God, how was she going to make it through two more of these darn events?
Poppy was the family crier, but Mac was on perilous ground herself and thanked God she was recruited to pass out slices of cake. A diversion was necessary. Moving among the guests wasn’t as much of a reprieve as she’d hoped, however. It was easy to agree about the bride’s beaming smile and the groom’s clear dedication to his new wife. But other comments weren’t so simple to smile through.
When will we see you married, Mac?
Why hasn’t some man finally put a wedding band on your finger?
Whatever happened to that boy of yours...that Zan Elliott?
At this last, she stopped short, staring down at tiny Carmen Lind, who had to be closing in on ninety and wore her silver hair braided in a crown on top of her head. “What made you think of him, Mrs. Lind?” Mac asked, through a suddenly tight throat.

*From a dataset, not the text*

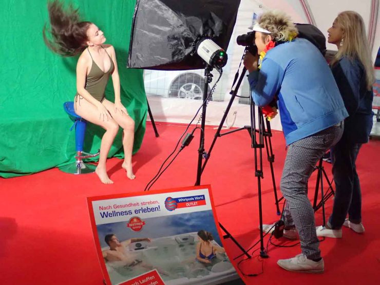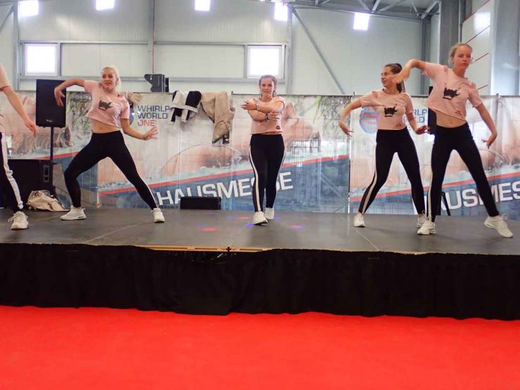 Sportlich ging es auch in der 1100 Quadratmeter großen Eventhalle zu, wo zwei Tanzgruppen von „Bliems Bunte Bühne“ mit Hip-Hop und Musical Dance begeisterten. Dabei sorgten die Mädels nicht nur auf dem Tanzparkett für Action, sondern auch beim spontanen Bad im größten Swim-Spa der Freilandausstellung von Whirlpools World. Dank einer überdimensionalen, sechs mal neun Meter großen Leinwand kamen die Fußballfans unter den Besuchern ebenfalls auf ihre Kosten.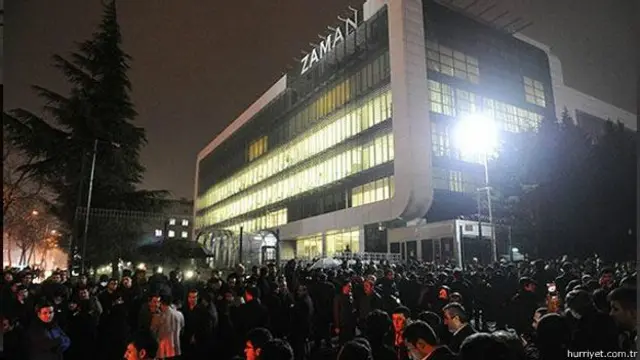 Zaman gazetesinin genel müdürü Ekrem Dumanlı gazete önünde uzun saatler bekleyenlere iki kez çıkıp konuşma yaptı.

The little lady dug into her cake with relish. “Who, dear?”
“You mentioned Zan.”
“Who?”
Mac smiled a little. “Zan Elliott. You just brought up his name.”
“Oh, yes. Such a good-looking young man. But he got into a lot of trouble, I recall. Those bad boys always catch a girl’s eye, don’t they?”
At nine years old, Mac’s big brother had brought Zan around one day, and she’d tagged after the two boys until Brett knocked her down into a pile of pine needles. Already she’d been too stubborn to cry or complain. Instead, she’d thrown a pinecone at Brett in retaliation and her bad aim meant it nailed Zan in the butt. He’d whirled, laughter glittering in his eyes, then leaped on her to “shampoo” her hair with a handful of dusty needles.
Red-faced and sneezing, she’d handed her heart over to him.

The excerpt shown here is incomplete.